What are the main active compounds in Buxus sempervirens?

The primary bioactive constituents are steroidal alkaloids concentrated at up to 3% in leaves and bark, including cyclovirobuxine D (antiproliferative, autophagy-inducing), cyclobuxine (antiretroviral, anti-inflammatory), buxine (anti-inflammatory, bitter principle), cyclomicrophyllidine-B (antiplasmodial, IC50 0.2 μM), parabuxine, and parabuxonidine. Minor constituents include tannins, volatile oil, and mineral salts, but these are not considered pharmacologically significant compared to the alkaloid fraction.

Has Buxus sempervirens been tested in clinical trials for HIV or cancer?

No randomized controlled trials have been completed for any indication. The only human-context data come from an uncontrolled observational report in which SPV-30 extract at 990 mg/day appeared to delay CD4 decline in HIV-positive individuals, while 1980 mg/day showed no benefit and possible harm from oxidative stress. Cancer research remains entirely in the in vitro stage, with no animal or human trials published.

What is the recommended dose of Buxus sempervirens extract?

There is no established or regulatory-approved supplemental dose for Buxus sempervirens in any jurisdiction. The only human dose with any reported association to a clinical endpoint is 990 mg/day of the SPV-30 commercial extract in an HIV observational context; the higher 1980 mg/day dose was associated with adverse oxidative effects. Due to the absence of safety and pharmacokinetic data, self-dosing is not recommended.

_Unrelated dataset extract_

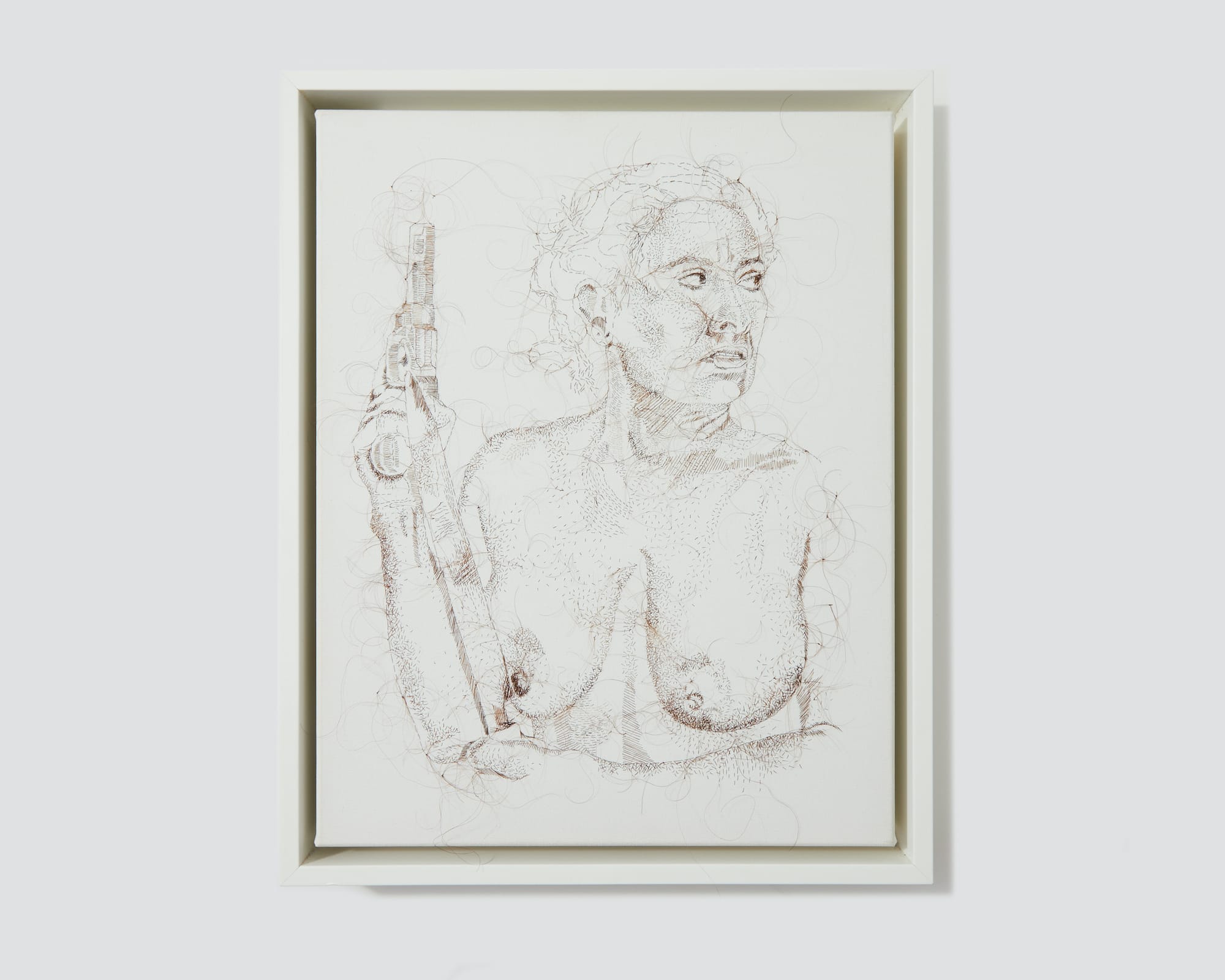 Although Meza-DesPlas replicates classic drawing techniques such as hatching, stippling, and shading by hand-stitching hair on paper or fabric, hair is hair, not thread, ink, or graphite. Drawing on and with this unique material in the 30-plus works on view, she addresses cultural stereotypes and sociopolitical issues including feminism, personal agency, ethnicity, violence, and aging.

Is boxwood (Buxus sempervirens) safe to use as a herbal supplement?

The safety of Buxus sempervirens as a supplement is not established; all plant parts contain pharmacologically potent steroidal alkaloids with no defined safe dose in humans. Toxicity concerns are supported by the observed adverse oxidative stress at 1980 mg/day and by the inherent bioactivity of the alkaloid class. It is contraindicated in pregnancy and lactation and should only be used under medical supervision within a research framework.

What traditional diseases was boxwood used to treat historically?

European folk medicine used boxwood wood decoctions as an alterative and diaphoretic for rheumatism, arthritis, and syphilis—serving as a substitute for the tropical guaiacum resin. Leaf preparations were applied to skin ulcers and taken for malarial fever in North African and Near Eastern traditions, a use that has partial biochemical support from the discovery of antiplasmodial cyclomicrophyllidine-B. It was also used to induce sweating and lower fever, consistent with the alkaloids' known effects on autonomic and inflammatory pathways.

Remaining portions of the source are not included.